Renault Classic is a department within the Marketing and Communications Branch of the French automobile brand Renault. This department preserves, renovates and exhibits historical Renault vehicles. Until 2011, the Renault Classic department was called Renault Histoire et Collection. Prior to moving to Plessis-Robinson, the collection was based Boulogne-Billancourt, in the western suburbs of Paris, France. The technical division is located in the Renault Flins factory.

== Operations ==
The Renault Classic team is made of 13 people spread over the communication pole (5 people at Plessis-Robinson) and the technical pole (8 people at Flins). These 2 poles work every day together.

In 2013 Renault Classic led 120 operations. Every year, almost 500 cars have been exhibited during the events organized. More than 3,400,000 people could admire the vehicles from the collection during the year 2013.

== Renault Classic's role ==
Created in the mid-1980s, the Renault Classic department preserve and share Renault's history. The team shows the pieces of the collection during various events, including the Renault Sport Series (formerly World Series by Renault), Le Mans Classic, Goodwood Festival of Speed, and the Paris Motor Show (French: Mondial de l’Automobile).

At the beginning, in this department there was only volunteers and retired Renault staff. Now, the department is separated in two poles counting 13 people.

The technical pole, composed of personnel selected in the firm, maintains and prepares the vehicles for the various shows. The team located in Flins factory can repair the very first vehicles from Renault as well as its F1 cars.

The team located in Plessis-Robinson manages the relationship with the Renault or Alpine fan clubs and prepares the public events which take place all year round.
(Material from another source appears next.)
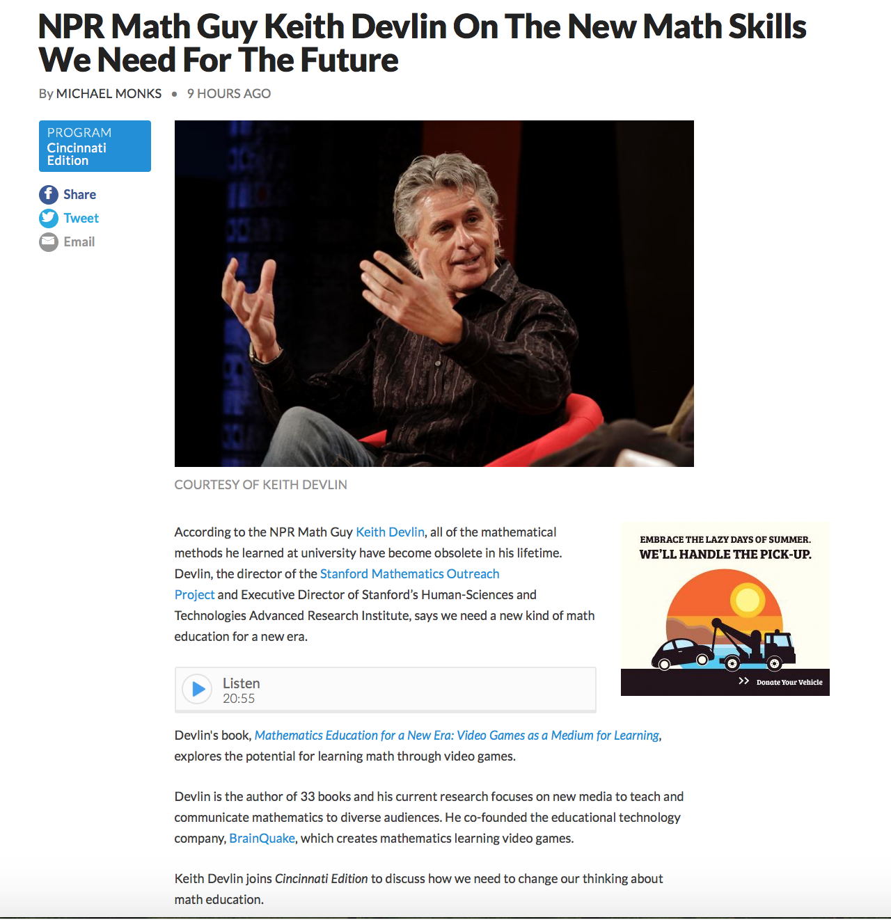 On August 19, WVXU Radio in Cincinnati interviewed my for their daily lunchtime show Cincinnati Edition. Host Michael Monks asked me about the kind of mathematics kids need to learn in schools today. The full conversation is available for streaming on the Web (21 mins) at https://www.wvxu.org/post/npr-math-guy-keith-devlin-new-math-skills-we-need-future#stream/0

During the shows, exhibitions or meetings, Renault Classic is surrounded by professional drivers as Jean Ragnotti but also by volunteers.

== The collection ==
The Renault collection, conserved by Renault Classic, consists of over 740 vehicles retracing the history of the Group back to its creation in 1898. From old to new models and mass-produced vehicles to racing cars, the collection includes automobiles such as the Marne Taxis, NN, Juvaquatre, 4CV, Floride, Estafette, Renault 4 and Renault 5…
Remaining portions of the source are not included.